New Cochlear Implant Requires No Exterior Hardware

Cochlear implants, around for about 30 years, have allowed more than 200,000 deaf people to obtain various degrees of hearing. Although the cochlear implants are among the most successful hearing devices available, the hardware that makes them work can be stigmatizing and downright annoying. Existing versions require that a disk-shaped transmitter about an inch in diameter be affixed to the skull, with a wire that snakes down to a joint microphone and power source that looks like an oversized hearing aid around the patient’s ear. Another drawback is that the device can’t be worn in the shower.

Recently, a team of scientists developed a new, alternative design that eliminates all the external hardware and allows it to be charged wirelessly with a smartphone. As described in a Spectrum Online article, the key to the new design is an implantable low-power signal processing chip developed by Anantha Chandrakasan and his colleagues at MIT in Cambridge, Mass. Here’s how it works: A piezoelectric sensor, mounted at the umbo in the middle ear, picks up sound.

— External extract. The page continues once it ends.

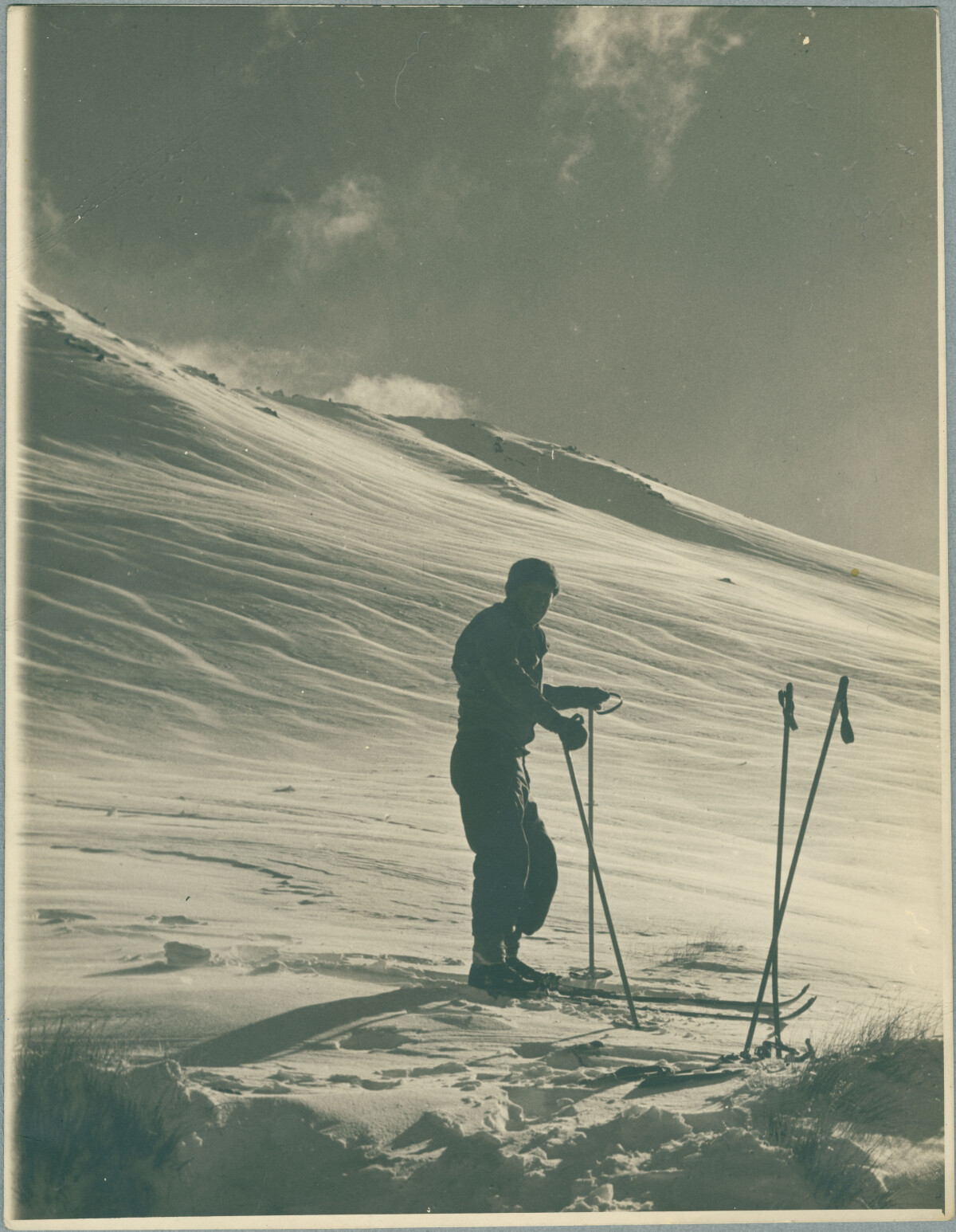Skier in the Top Hut Basin in the Craigieburn Range. Photo taken by Dr William Mummery Platts.

That signal, a measure of the sound-induced motion of the umbo, travels to the microchip implanted elsewhere in the ear where it is conditioned, digitized, and processed. The chip then converts the signal to electrical waveforms and pumps them to electrodes implanted in the part of the ear known as the cochlea. The waveforms received by the electrodes stimulate auditory nerve fibers and allows the user to experience representations of sound that might help in developing language ability. (More information is available in an MIT News item.)

In 2012, Darrin Young designed a MEMS-accelerator-based middle ear microphone at the University of Utah that moves all the external components of the cochlear implant inside the body. One drawback is that the sensor pulls a few milliwatts of power–more than MIT’s design, thus establishing the need for an implanted rechargeable battery. Young is working on improving the prototype to bring down the power below 100uW.

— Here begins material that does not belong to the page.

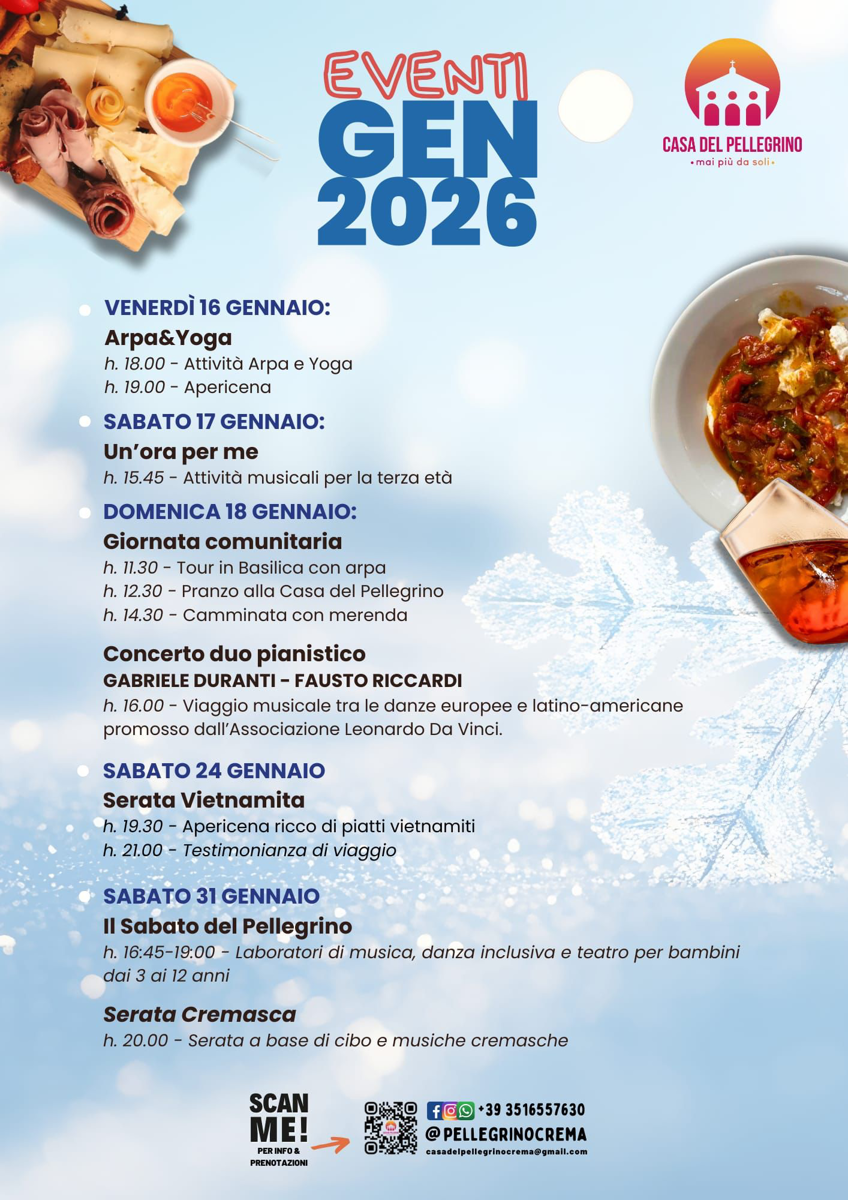 Info e prenotazioni: 351 655 7630, casadelpellegrinocrema@gmail.com

MIT researcher, Marcus Yip, PhD., and his colleagues Rui Jin and Nathan Ickes (both in MIT’s Department of Electrical Engineering and Computer Science), recently exhibited a prototype charger that plugs into an ordinary cell phone and can recharge the signal processing chip in roughly two minutes. Lowering the power requirements of the converter chip was the key to eliminating the skull-mounted hardware.

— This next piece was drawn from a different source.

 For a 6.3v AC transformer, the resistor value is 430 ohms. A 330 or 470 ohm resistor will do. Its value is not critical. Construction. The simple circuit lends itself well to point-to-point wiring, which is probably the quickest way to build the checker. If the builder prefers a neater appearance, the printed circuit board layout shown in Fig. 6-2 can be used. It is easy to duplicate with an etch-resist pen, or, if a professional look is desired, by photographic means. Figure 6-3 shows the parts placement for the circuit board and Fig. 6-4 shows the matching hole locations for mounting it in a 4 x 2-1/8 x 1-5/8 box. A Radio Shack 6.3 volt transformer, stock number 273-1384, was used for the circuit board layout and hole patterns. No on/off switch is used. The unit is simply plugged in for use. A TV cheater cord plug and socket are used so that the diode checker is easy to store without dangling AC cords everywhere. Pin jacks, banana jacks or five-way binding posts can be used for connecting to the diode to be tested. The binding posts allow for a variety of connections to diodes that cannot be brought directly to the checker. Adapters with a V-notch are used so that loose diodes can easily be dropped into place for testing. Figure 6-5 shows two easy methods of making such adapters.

“It’s very cool,” says Lawrence Lustig, director of the Cochlear Implant Center at the Uniiversity of California at San Francisco. “There’s a much greater stigma of having a hearing loss that there is of having a visual loss. So people would be very keen on losing the externals for that reason alone.” He says that there is also the added functional benefit of not having to remove the device when around water.

Because of the complexity of the surgery, the new cochlear implant would require about three to four hours in the operating room. Lustig doubts that this will be much of an obstacle and believes there wouldn’t be any extra risks involved.